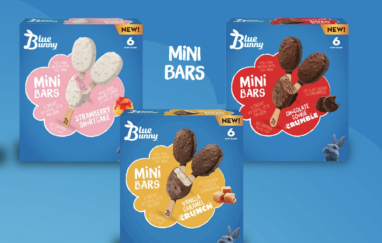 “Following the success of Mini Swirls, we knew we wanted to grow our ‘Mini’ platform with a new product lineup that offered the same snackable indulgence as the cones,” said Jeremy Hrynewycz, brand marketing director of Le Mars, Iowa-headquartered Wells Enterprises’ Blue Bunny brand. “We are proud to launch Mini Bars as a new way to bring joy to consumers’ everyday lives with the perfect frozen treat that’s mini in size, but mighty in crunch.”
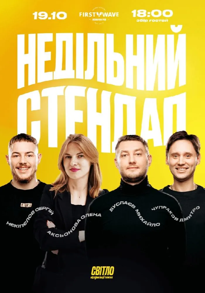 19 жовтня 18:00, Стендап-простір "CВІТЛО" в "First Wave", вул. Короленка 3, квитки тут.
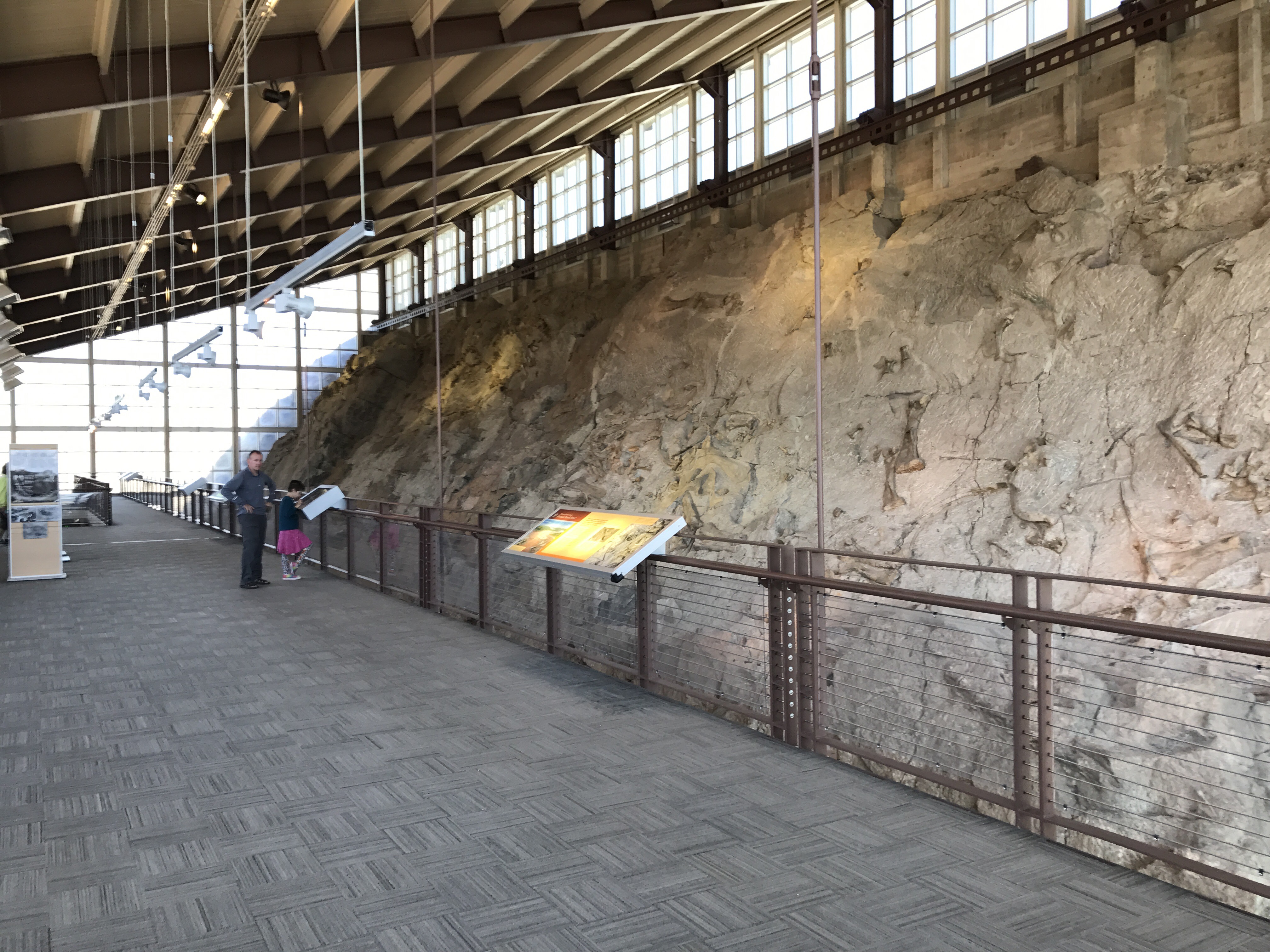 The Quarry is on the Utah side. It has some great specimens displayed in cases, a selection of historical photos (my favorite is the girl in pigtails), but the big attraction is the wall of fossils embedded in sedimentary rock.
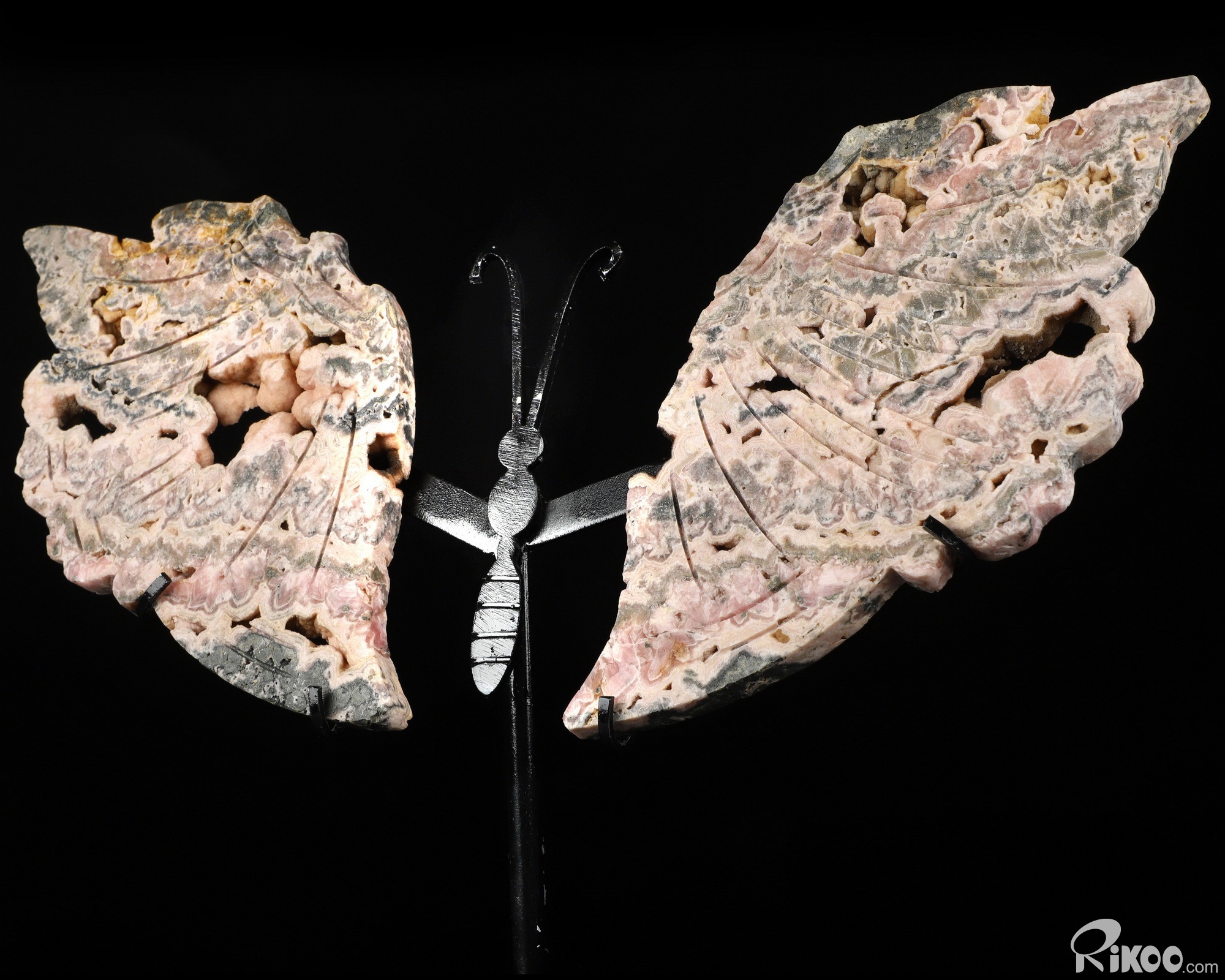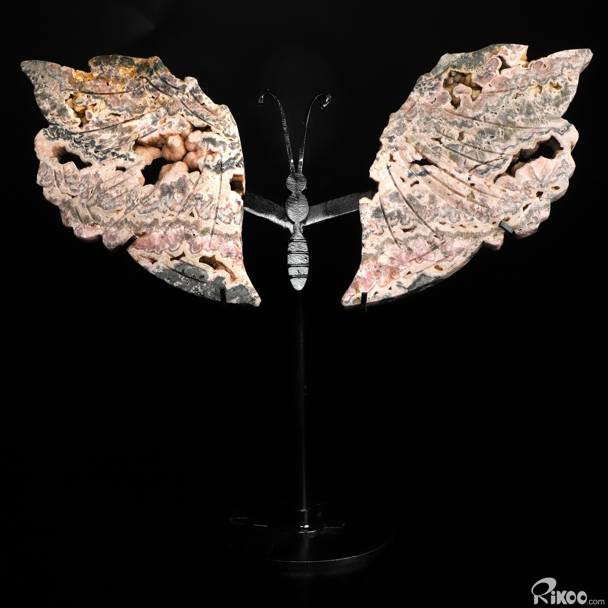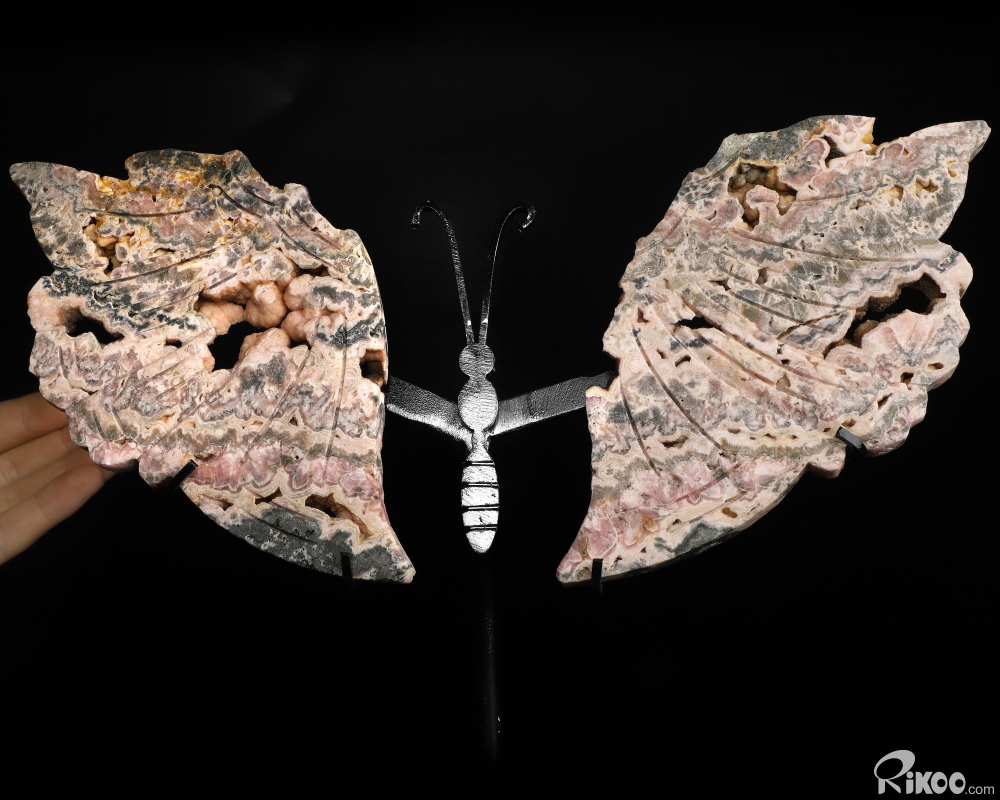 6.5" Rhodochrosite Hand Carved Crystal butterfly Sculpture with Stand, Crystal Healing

▶ The problem
Only the lines from the first line of the data above through the line with "The Quarry is" should appear in the answer, retyped exactly, with every picture left out.

▶ Reply to the task
 “Following the success of Mini Swirls, we knew we wanted to grow our ‘Mini’ platform with a new product lineup that offered the same snackable indulgence as the cones,” said Jeremy Hrynewycz, brand marketing director of Le Mars, Iowa-headquartered Wells Enterprises’ Blue Bunny brand. “We are proud to launch Mini Bars as a new way to bring joy to consumers’ everyday lives with the perfect frozen treat that’s mini in size, but mighty in crunch.”
 19 жовтня 18:00, Стендап-простір "CВІТЛО" в "First Wave", вул. Короленка 3, квитки тут.
 The Quarry is on the Utah side. It has some great specimens displayed in cases, a selection of historical photos (my favorite is the girl in pigtails), but the big attraction is the wall of fossils embedded in sedimentary rock.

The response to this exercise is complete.